DATA SECTION
● ● ● ● ●

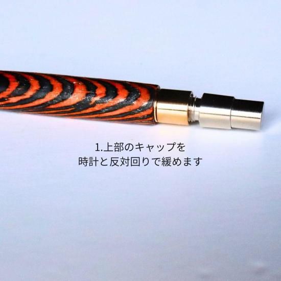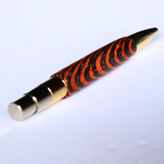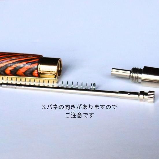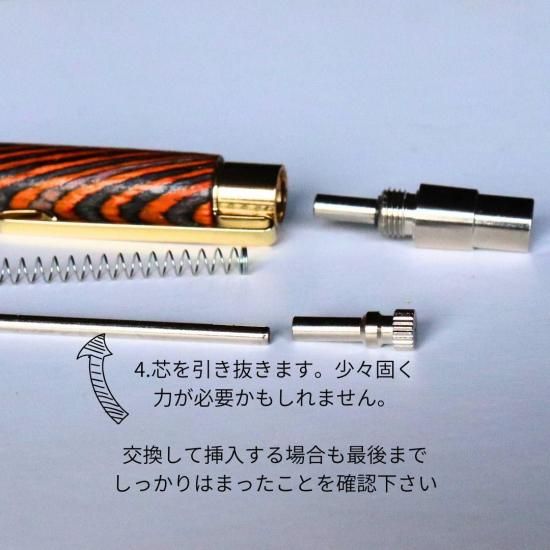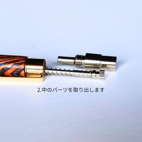 ミニペン(クリック式)!全長わずか10cm程のコンパクトサイズで、手のひらにすっぽり収まる使いやすさが魅力です。クリック式なので、上部をクリックしながら芯を簡単に押し出せます。ペンパーツはアメリカ製で、交換芯は4cタイプをご使用いただけます。
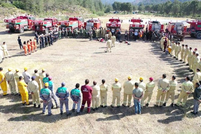 Geçtiğimiz yaz çıkan orman yangınlarında 9 bin 52 hektar ormanlık alan yanan Marmaris'te orman ekipleri ve gönüllü vatandaşlardan oluşan saha ekipleri gerçeği aratmayacak bir tatbikat yaptı. Marmaris Orman İşletme Müdürlüğü ve Datça Orman İşletme Müdürlüğü ekipleri ile her yaz sezonu başında orman yangınlarında zamanında ve doğru müdahaleyi yapmak amacı ile yapılan yangın tatbikatı ve eğitimine 11 Arazöz, 4 su tankeri, 5 ilk müdahele aracı, 1 helikopter ,150 personel ve 70 eğitim almış Marmaris ve Datça'dan gelen orman yangın gönüllüsü katıldı. Muğla Orman Bölge Müdürü Yasin Yaprak ile birlikte Marmaris Orman İşletme Müdürü Akın Ünler ve Datça Orman şefleri tatbikat ve eğitim alanında hazır bulundular.
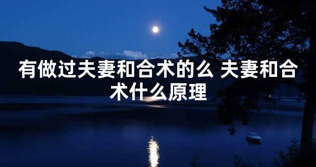 有做过夫妻和睦方法的么?做过夫妻和睦方法的人是很多的。如果你希望自己的婚姻问题可以快点解决,你可以借助于这种方法。

● ● ● ● ●

EXERCISE DIRECTIONS
Your copy should hold each line above exactly and no pictures at all.

ANSWER FOR THE TASK
 ミニペン(クリック式)!全長わずか10cm程のコンパクトサイズで、手のひらにすっぽり収まる使いやすさが魅力です。クリック式なので、上部をクリックしながら芯を簡単に押し出せます。ペンパーツはアメリカ製で、交換芯は4cタイプをご使用いただけます。
 Geçtiğimiz yaz çıkan orman yangınlarında 9 bin 52 hektar ormanlık alan yanan Marmaris'te orman ekipleri ve gönüllü vatandaşlardan oluşan saha ekipleri gerçeği aratmayacak bir tatbikat yaptı. Marmaris Orman İşletme Müdürlüğü ve Datça Orman İşletme Müdürlüğü ekipleri ile her yaz sezonu başında orman yangınlarında zamanında ve doğru müdahaleyi yapmak amacı ile yapılan yangın tatbikatı ve eğitimine 11 Arazöz, 4 su tankeri, 5 ilk müdahele aracı, 1 helikopter ,150 personel ve 70 eğitim almış Marmaris ve Datça'dan gelen orman yangın gönüllüsü katıldı. Muğla Orman Bölge Müdürü Yasin Yaprak ile birlikte Marmaris Orman İşletme Müdürü Akın Ünler ve Datça Orman şefleri tatbikat ve eğitim alanında hazır bulundular.
 有做过夫妻和睦方法的么?做过夫妻和睦方法的人是很多的。如果你希望自己的婚姻问题可以快点解决,你可以借助于这种方法。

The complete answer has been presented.